Written by Susan Mannella on .

People in Western Pennsylvania are used to the notion of ambient air pollution -- harmful emissions that drift from one state to another. Why couldn't the same thing happen to water?

It does, unfortunately, as municipal authorities, industries and water customers along the Monongahela River know quite well.

Pennsylvania environmental officials have been charting a stubborn and mysterious problem in the waters of the Mon -- unusually high levels of total dissolved solids, microscopic contaminants that can enter a river from abandoned mines, agricultural runoff, wastewater from gas drilling or discharges from industrial or sewage plants.

TDS can cause bad-smelling and -tasting drinking water and problems for industrial water users. While for most people the water is safe to drink, it can cause allergic reactions in others.
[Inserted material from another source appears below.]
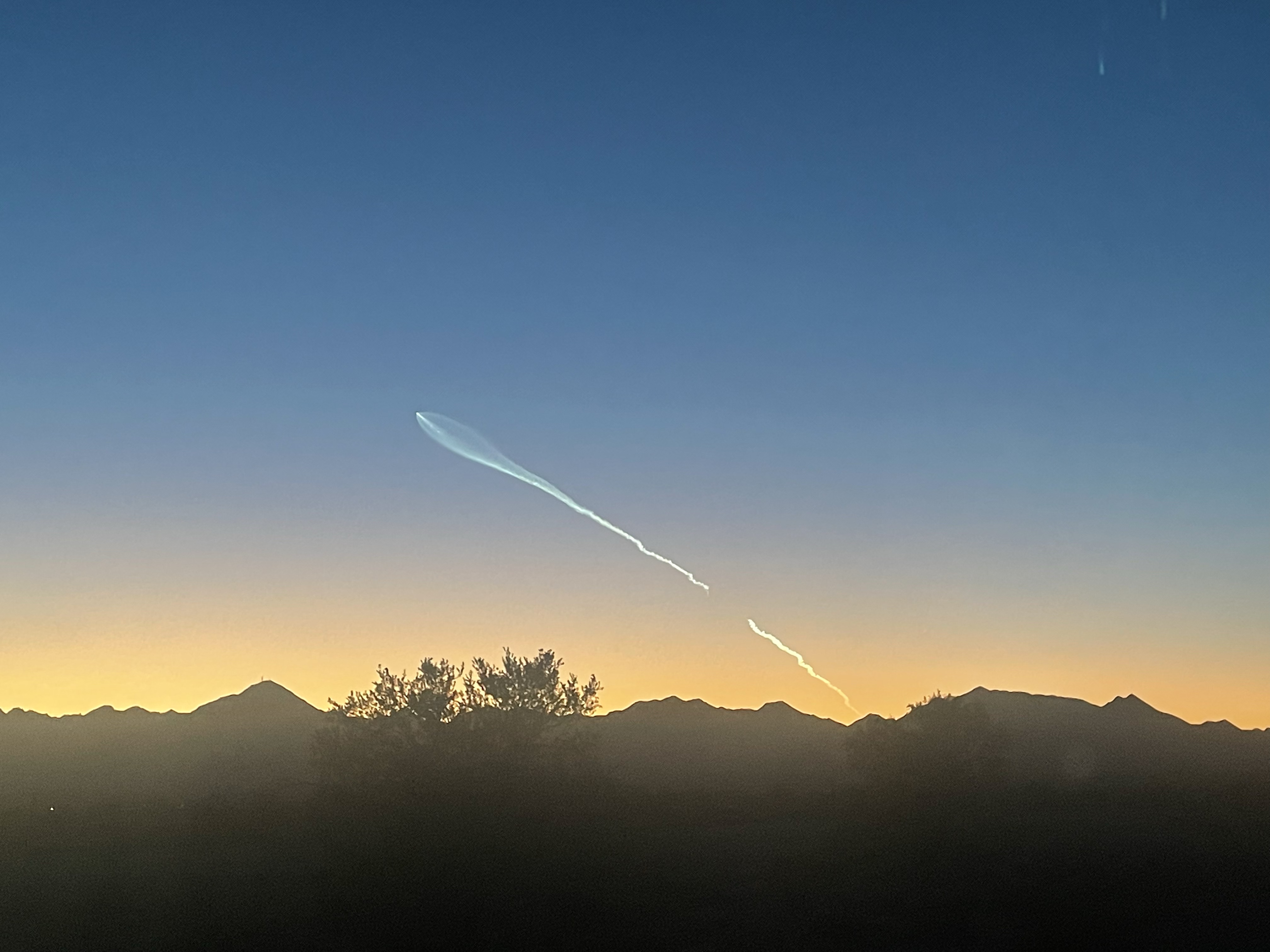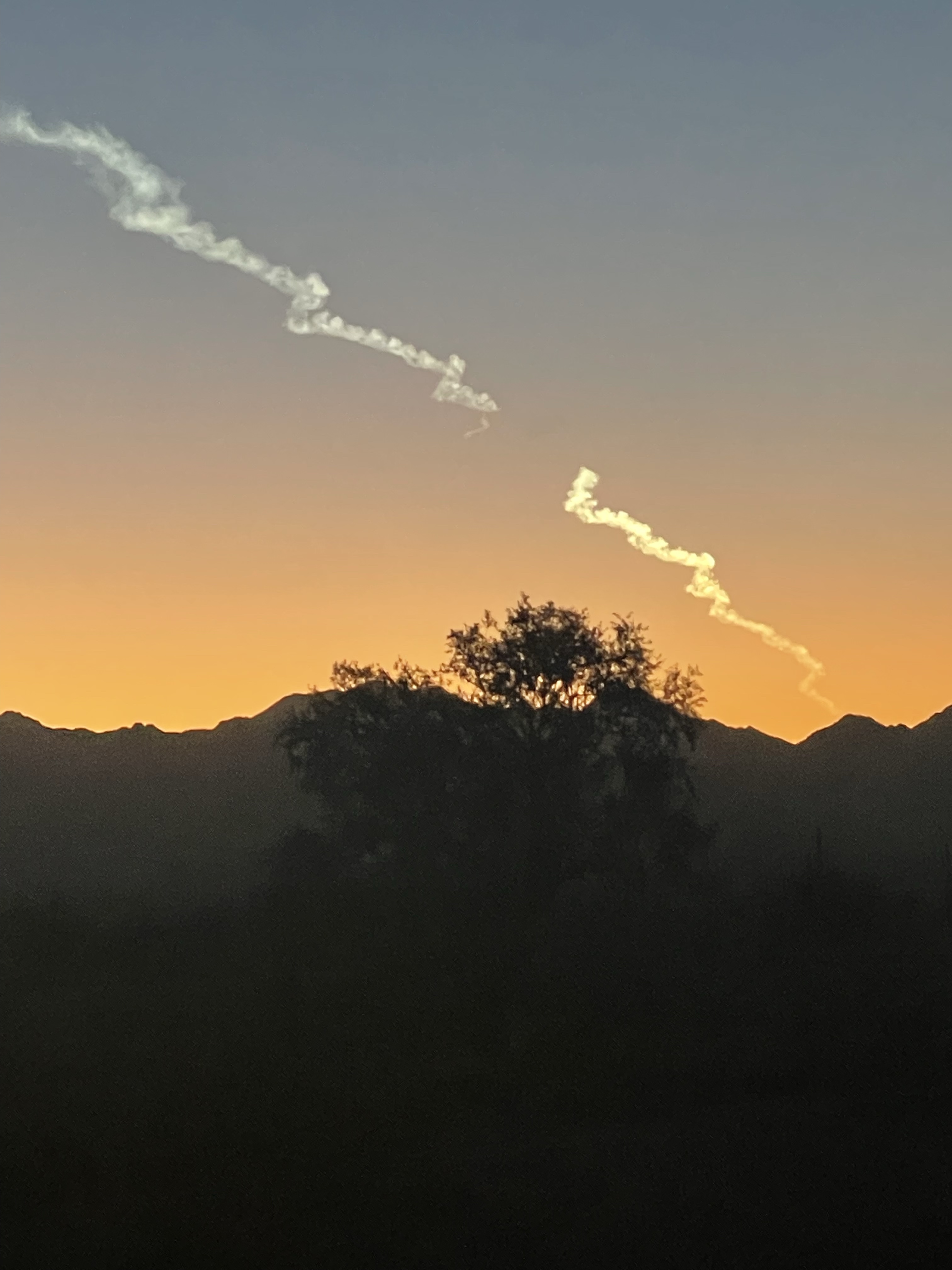 Well the sunset show was as beautiful as a clear sky sunset can be, and just after the sunset we had some man made light show. We have no idea what we were seeing but it was quite a show, as usual photos just do not do it justice. And we now know that it was actually a SpaceX rocket that was launched last evening that gave us the light show, Thanks Chief Twit!
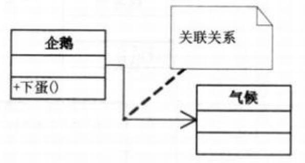 当一个类“知道”,或者说“了解”另一个类时,用关联关系。关联关系用实线箭头表示。

Last year high levels of TDS were found in a 70-mile stretch of the Monongahela River that provides 325,000 people with drinking water. There were no reports of illness and tests did not show the water to be unsafe. But DEP recommended the use of bottled water for customers of 11 public water systems, especially those whose tap water smelled foul and tasted bad.

TDS continues to show up in the river to such a degree that the state Department of Environmental Protection has asked the federal Environmental Protection Agency to set tough new limits on levels of the contaminants flowing in from West Virginia. That's welcome news.

While Pennsylvania has acted to limit the amount of TDS discharged in the state, readings last month on the microscopic particles spiked much higher as the water flowed in from its neighbor to the south. DEP Secretary John Hanger said because West Virginia will not take action on its own, he is compelled to ask the federal government for help toward getting some interstate cooperation.

West Virginia officials said they'll cooperate with DEP and the EPA to develop a better standard for such water contaminants. But seeing is believing, and Pennsylvania hasn't seen it yet.

Just as people in this state don't need to breathe Ohio's foul air, we don't need to drink the smelly stuff West Virginia sends downstream. It's time for the neighbors to start minding the water.